We've received a report that in Atlantic v. Andersen, where the RIAA made a motion to compel complete access to Tanya Andersen's computer to make a "mirror image" of her hard drive, federal judge Donald Ashmanskas declined to allow that, and instead granted Ms. Andersen's request to appoint a neutral expert who would be given a specific list of files and an identified protocol to review her computer.
The RIAA had proposed using "specialized tools and methods" along with "licensed software" and a "special device" to accomplish their review by private forensic expert. The judge did not feel that both parties interests were adequately protected with this process.
The following notation appears on the court record:
"MINUTES of Proceedings: Record of Telephone Status Conference before Judge Ashmanskas - ORDER: (1) Stay of this matter pending conclusion of computer hard drive examination by a neutral expert; (2) Cost of hard drive examination to be born by plaintiffs at this time, with leave to request allocation of costs; (3) Denying plaintiffs' motion[36] to compel as moot; (4) Striking the 4/4/06 telephone status conference.

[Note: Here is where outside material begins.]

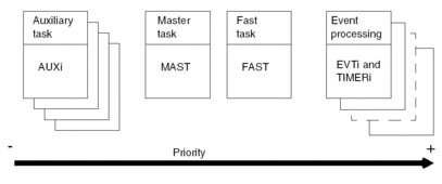 Event processing can be activated asynchronously with respect to periodic tasks by an order generated by external events. It is processed as a priority and requires any processing in progress to be stopped.

James Ruh, William Patton, Nadia Sarkis present as counsel for plaintiff(s). James Murphy, Lory Lybeck, Brian Hodges present as counsel for defendant. Court Reporter: None. Donald C. Ashmanskas presiding."
Keywords: copyright download upload peer to peer p2p file sharing filesharing music movies indie label freeculture creative commons pop/rock artists riaa independent mp3 cd favorite songs
13 comments:
I wonder why Andersen would even consent to having her computer examined at all. It seems better for her to refuse to allow for it to be examined.
This might be an opportunity to find out exactly how confident the RIAA is that Ms. Andersen does, in fact, have copyrighted materials on her computer. If they claim that she shared specific files but those files are not found on her computer it should be very detrimental to their case.
Ergo, they should only use a "neutral expert" if they are very confident that he (or she) will find what the RIAA expects.
Here is also where the "making available" argument becomes critical for the RIAA. Finding copies of copyrighted materials on Ms. Andersen's computer alone doesn't help their case - there are (as far as I know) legitimate ways in which those materials could have gotten on her computer. They have to show that the materials are there and that Ms. Andersen broke the law.
If the "making available" argument holds up in court the RIAA could make a strong case if the files are simply sitting in a shared folder. If it doesn't hold up, though, then they have to show not only that the files are present, but that Ms. Andersen distributed them in violation of copyright law.
That's assuming the files are even there in the first place. I'll be interested to see how this turns out.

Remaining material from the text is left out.